====== Data shown ======

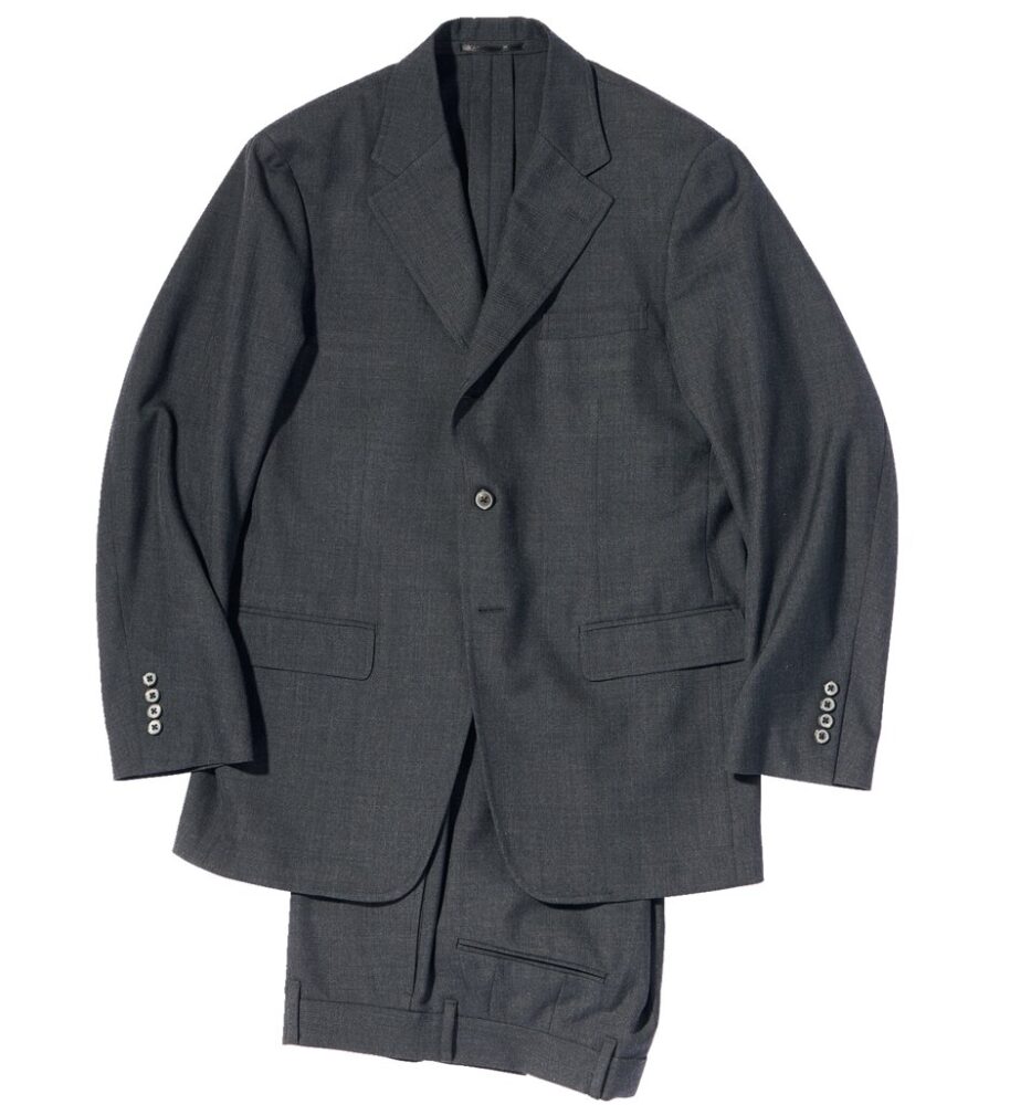 アメトラベースのブランドながらゴリゴリのスーツ畑で研鑽を積んだデザイナー石原さんが作るジャケットに、勝手ながら絶大な信頼を寄せてます。お世辞にも映えるとは言えないこのグレースーツはその名も[ファーストスーツ]。アイビーとは違う、アメリカンなムードを感じました。正統スーツを通ってこなかった自分はここからやり直します。11万円(ステイ オア ゴーTEL03-6447-5095)
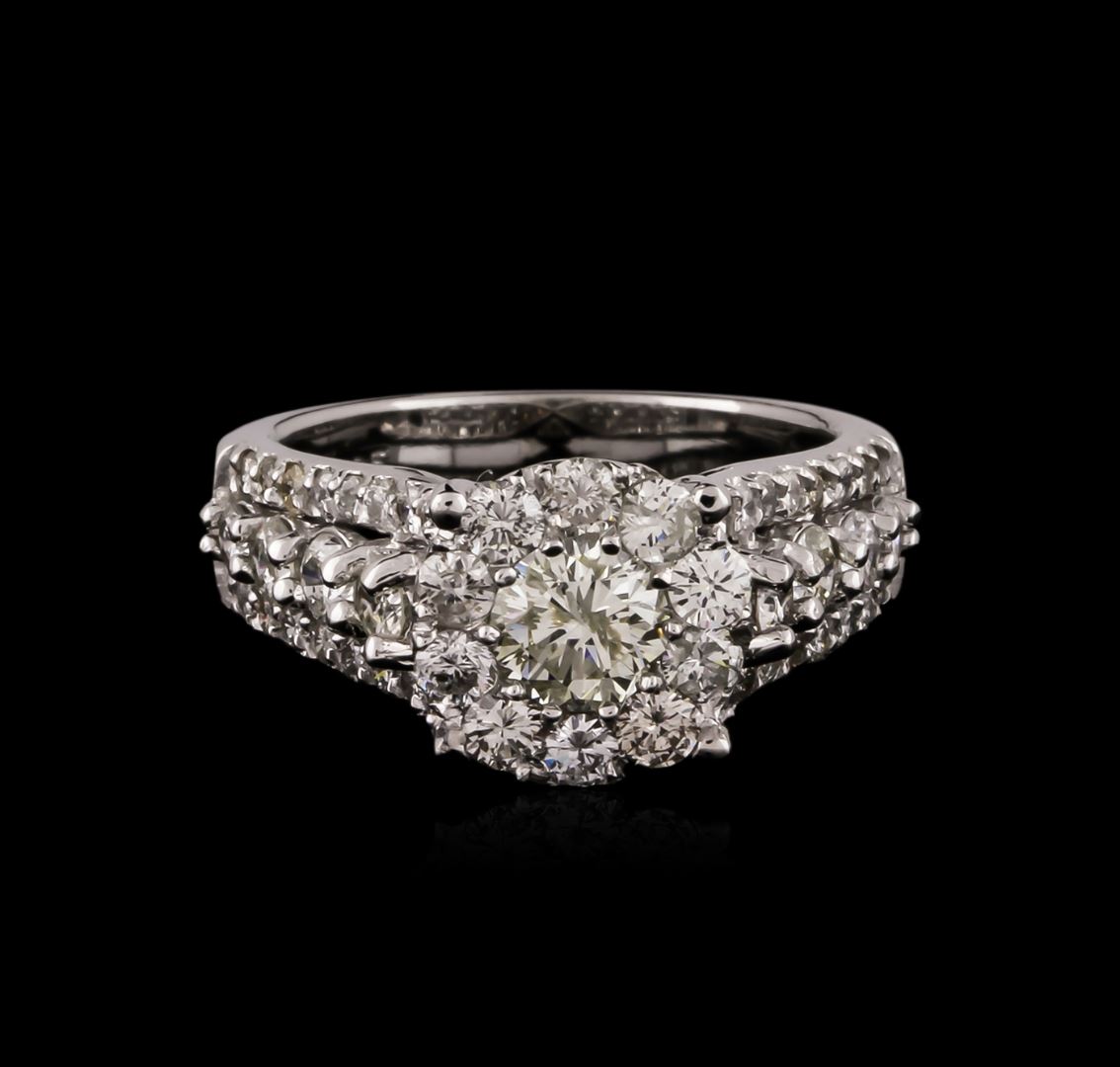 One electronically tested 14KT white gold ladies cast diamond unity ring with a bright polish finish. The featured diamond is set within a diamond bezel supported by tapering diamond set shoulders, completed by a three and one-half millimeter wide band. Identified with markings of "585". Condition is new, good workmanship. Containing: One prong set round brilliant cut diamond, measuring 5.50 - 5.40 x 3.10mm (depth est.) approximate weight of 0.58ct with a faint blue fluorescence. Graded in the setting. Clarity: I-1. Color: K Eighteen prong set round brilliant cut diamonds, measuring 3.10 - 2.50 x 1.68mm (depth est.) approximate total weight of 18 Stones = 1.45ct. Graded in the setting. Clarity: SI-2 to I-2. Color: H - J Thirty-Two prong set round brilliant cut diamonds, measuring 1.70 - 1.60 x 0.99mm (depth est.) approximate total weight of 32 Stones = 0.62ct. Graded in the setting. Clarity: SI-2 to I-2. Color: H - J. Total Weight of Diamonds 2.65ct. Total Weight of Ring 6.53 grams. AIG Appraised at $8,595.00.
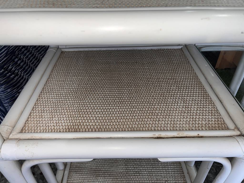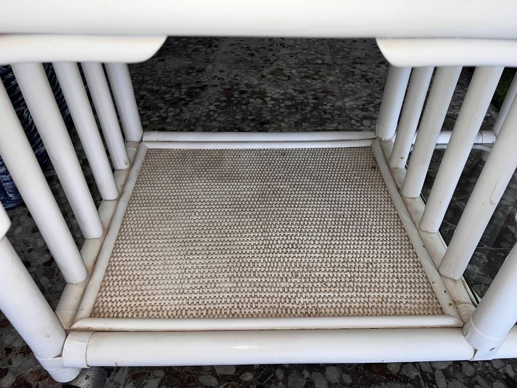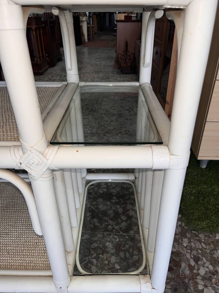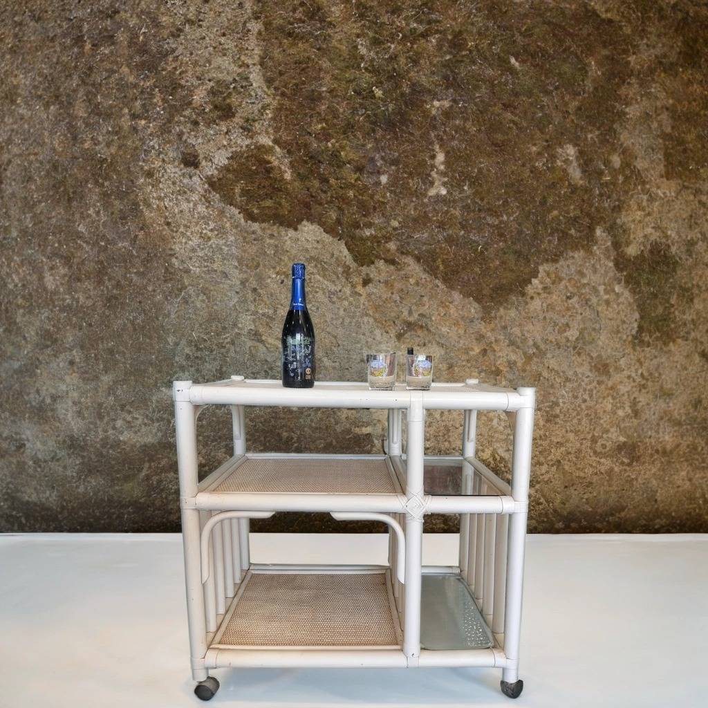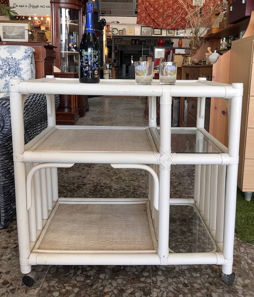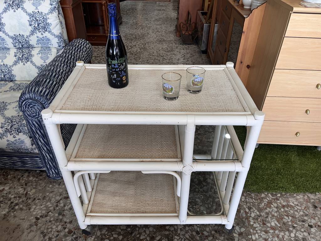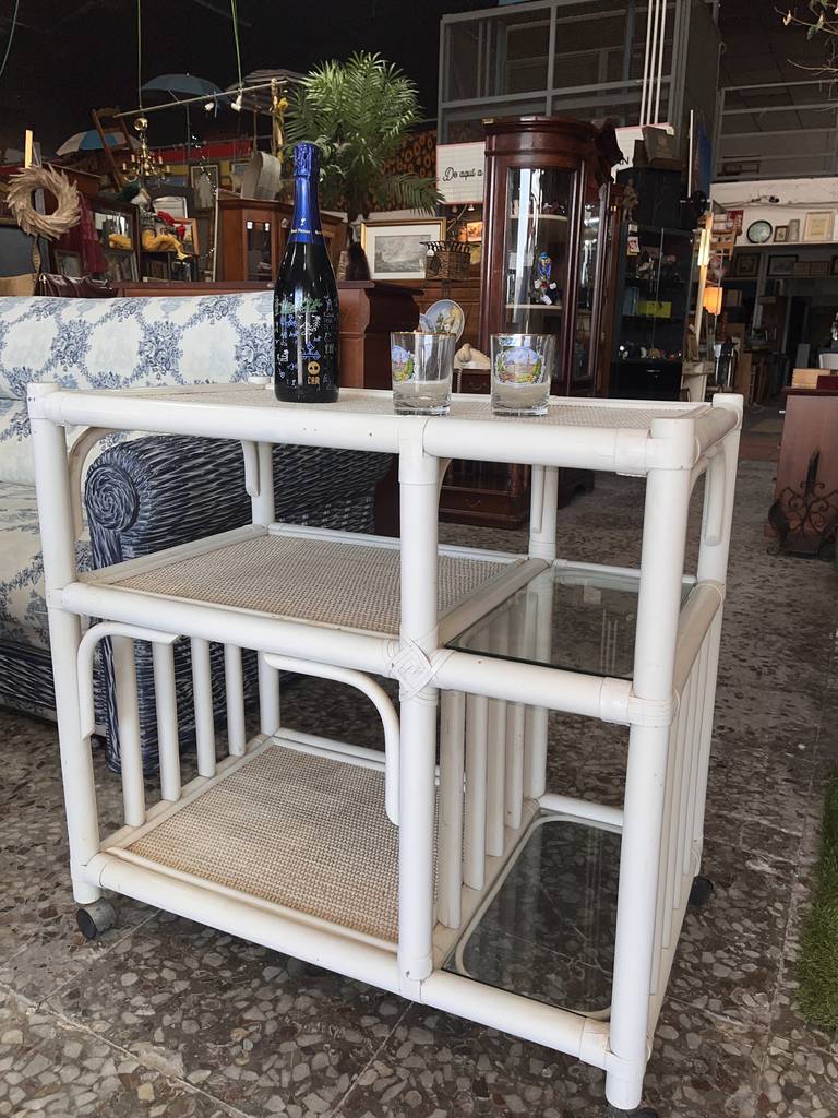 Camarera en color blanco. Su estructura está fabricada con bambú resistente y de buena calidad. Se compone de tres habitáculos abiertos y dos con cristal transparente. También dispone de cuatro ruedas en la parte inferior para poder moverla con facilidad entre cualquier estancia. Ideal para transportar comidas o cócteles. Como podemos observar en las fotografías se encuentra en buen estado.
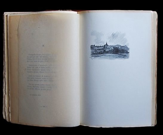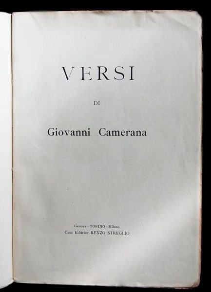 23,5x16,3 cm; 178, (2) pp. e 33 c. di tav. con la riproduzione di vari disegni dell'autore. Brossura editoriale con titolo impresso in rosso e nero al piatto anteriore. Ex-Libris "Prof. Avv.P.P. e M. T. Zanzucchi" applicato alla prima carta bianca. Prima edizione in buone-ottime condizioni di conservazione di questa raccolta postuma di componimenti del grande poeta "Scapigliato" originario di Casale Monferrato, Giovanni Camerana. Questa prima edizione, stampata su carta di ottima qualità fu curata dal grande amico di Camerana, Leonardo Bistolfi. L'opera è composta delle poesie inedite di Camerana raccolte fra le carte dell'amico da Bistolfi dopo che l'autore si era suicidato. "Camerana rappresenta l'anello di congiunzione tra la cosiddetta scapigliatura ed il decadentismo. La sua poesia è stata considerata da molti critici anticipatrice di alcune fra le più importanti esperienze letterarie del primo Novecento, dai Crepuscolari a Dino Campana, fino ad alcune espressioni che al lettore moderno possono ricordare il Montale degli Ossi di seppia". Prima edizione ancora in barbe. Parenti, Prime ediz. ital., p. 117.
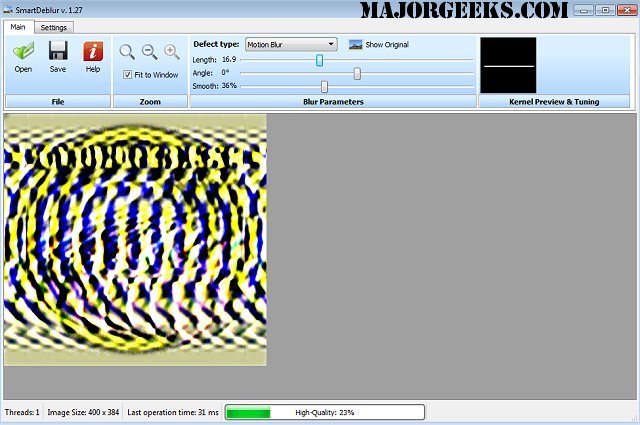It is set up in a user-friendly UI and uses the FFTW library (Fastest Fourier Transform in the West) to provide the implementation of corrections. SmartDeblur supports the correction of the following defect types; out of focus blur (with kernel deep tuning), Motion blur, and Gaussian blur (the visual effect of this blurring technique is a smooth blur resembling that of viewing the image through a translucent screen).

======

__Prompt__: Please give the data above again in exact form and omit every picture.

__Solution for this problem__:
 アメトラベースのブランドながらゴリゴリのスーツ畑で研鑽を積んだデザイナー石原さんが作るジャケットに、勝手ながら絶大な信頼を寄せてます。お世辞にも映えるとは言えないこのグレースーツはその名も[ファーストスーツ]。アイビーとは違う、アメリカンなムードを感じました。正統スーツを通ってこなかった自分はここからやり直します。11万円(ステイ オア ゴーTEL03-6447-5095)
 One electronically tested 14KT white gold ladies cast diamond unity ring with a bright polish finish. The featured diamond is set within a diamond bezel supported by tapering diamond set shoulders, completed by a three and one-half millimeter wide band. Identified with markings of "585". Condition is new, good workmanship. Containing: One prong set round brilliant cut diamond, measuring 5.50 - 5.40 x 3.10mm (depth est.) approximate weight of 0.58ct with a faint blue fluorescence. Graded in the setting. Clarity: I-1. Color: K Eighteen prong set round brilliant cut diamonds, measuring 3.10 - 2.50 x 1.68mm (depth est.) approximate total weight of 18 Stones = 1.45ct. Graded in the setting. Clarity: SI-2 to I-2. Color: H - J Thirty-Two prong set round brilliant cut diamonds, measuring 1.70 - 1.60 x 0.99mm (depth est.) approximate total weight of 32 Stones = 0.62ct. Graded in the setting. Clarity: SI-2 to I-2. Color: H - J. Total Weight of Diamonds 2.65ct. Total Weight of Ring 6.53 grams. AIG Appraised at $8,595.00.
 Camarera en color blanco. Su estructura está fabricada con bambú resistente y de buena calidad. Se compone de tres habitáculos abiertos y dos con cristal transparente. También dispone de cuatro ruedas en la parte inferior para poder moverla con facilidad entre cualquier estancia. Ideal para transportar comidas o cócteles. Como podemos observar en las fotografías se encuentra en buen estado.
 23,5x16,3 cm; 178, (2) pp. e 33 c. di tav. con la riproduzione di vari disegni dell'autore. Brossura editoriale con titolo impresso in rosso e nero al piatto anteriore. Ex-Libris "Prof. Avv.P.P. e M. T. Zanzucchi" applicato alla prima carta bianca. Prima edizione in buone-ottime condizioni di conservazione di questa raccolta postuma di componimenti del grande poeta "Scapigliato" originario di Casale Monferrato, Giovanni Camerana. Questa prima edizione, stampata su carta di ottima qualità fu curata dal grande amico di Camerana, Leonardo Bistolfi. L'opera è composta delle poesie inedite di Camerana raccolte fra le carte dell'amico da Bistolfi dopo che l'autore si era suicidato. "Camerana rappresenta l'anello di congiunzione tra la cosiddetta scapigliatura ed il decadentismo. La sua poesia è stata considerata da molti critici anticipatrice di alcune fra le più importanti esperienze letterarie del primo Novecento, dai Crepuscolari a Dino Campana, fino ad alcune espressioni che al lettore moderno possono ricordare il Montale degli Ossi di seppia". Prima edizione ancora in barbe. Parenti, Prime ediz. ital., p. 117.
It is set up in a user-friendly UI and uses the FFTW library (Fastest Fourier Transform in the West) to provide the implementation of corrections. SmartDeblur supports the correction of the following defect types; out of focus blur (with kernel deep tuning), Motion blur, and Gaussian blur (the visual effect of this blurring technique is a smooth blur resembling that of viewing the image through a translucent screen).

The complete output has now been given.